“BREATHTAKING” DROP IN DEMAND SHOCKS CHIP COMPANIES

“BREATHTAKING” DROP IN DEMAND SHOCKS CHIP COMPANIES

Earlier this month, leading computer chip makers Samsung Electronics and Advanced Micro Devices (AMD) reported earnings that fell far short of expectations, which many analysts interpreted as a sign that a lasting economic rebound is further away than previously thought, Bloomberg reported.

Samsung, the world’s largest maker of memory chips, posted a 32-percent decrease in operating income. AMD’s number will come in about $1 billion short of its earlier estimate, the company said. 

Micron Technologies and Kioxia Holdings are cutting spending and production to stabilize plunging chip prices. The Taiwan Semiconductor Manufacturing Company has lopped 10 percent from its capital expenditure budget.

Share prices fell not only for AMD and Samsung, but also for makers Nvidia and Intel. ASML Holding, Advantest, and Screen Holdings, which supply chip-making equipment, saw their stock prices sink. Disco Corp, which puts finishing touches on chips, lost more of its market capitalization on 7 October than in the previous two years. 

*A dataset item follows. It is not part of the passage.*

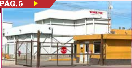
TERMINA CONTINGENCIA EN EMPRESA YOREME

“It seems end demand [for chips] has likely deteriorated markedly in recent weeks, and end customers appear to be aggressively draining inventory,” analyst Stacy Rasgon at Bernstein Private Wealth Management told Bloomberg. 

AMD’s loss of revenue “is admittedly a bit breathtaking,” she added.

Consumers spent lavishly on all things electronic during the COVID War but now demand has dropped sharply, especially as interest rates and prices for consumer goods continue rising.

Also, the electronics industry has been crimped by U.S. restrictions on exports of advanced technology to China.

“If AMD and Nvidia can’t sell their chips in China, memory makers’ earnings will deteriorate further,” Heo Pil-Seok, CEO of Midas International Asset Management in South Korea said to Bloomberg.

“We would continue to stay away from PC-centric names, which include AMD, Intel, and Nvidia, due to a likely prolonged PC downturn into next year and continued weakness in consumer gaming,” analysts at Robert W. Baird & Co. wrote in a note to clients earlier this month.

Personal computers are steadily losing ground to tablets and smartphones, leaving some chip makers that have focused on PCs scurrying to catch up with changes in the market.

The market for memory chips will be soft through 2023, Kyung Kyehyun, chief of Samsung’s chip business, said last month at an employee event. 

The company now has cut its April forecast for chip sales in the second half of this year by 32 percent, he noted.

TREND FORECAST: When the COVID War began in January 2020, the companies that profited the most were hi-tech. Indeed, they were the first to tell their employees to work remotely, which meant more need for more high-tech. And with schools closed and children learning remotely—and locked up and forbidden to go out and play—they heavily emerged into the Metaverse world of hi-tech interaction, games and entertainment… all of which heavily boosted the bottom line of the tech world.

Those days have ended and so have the high sales for high tech.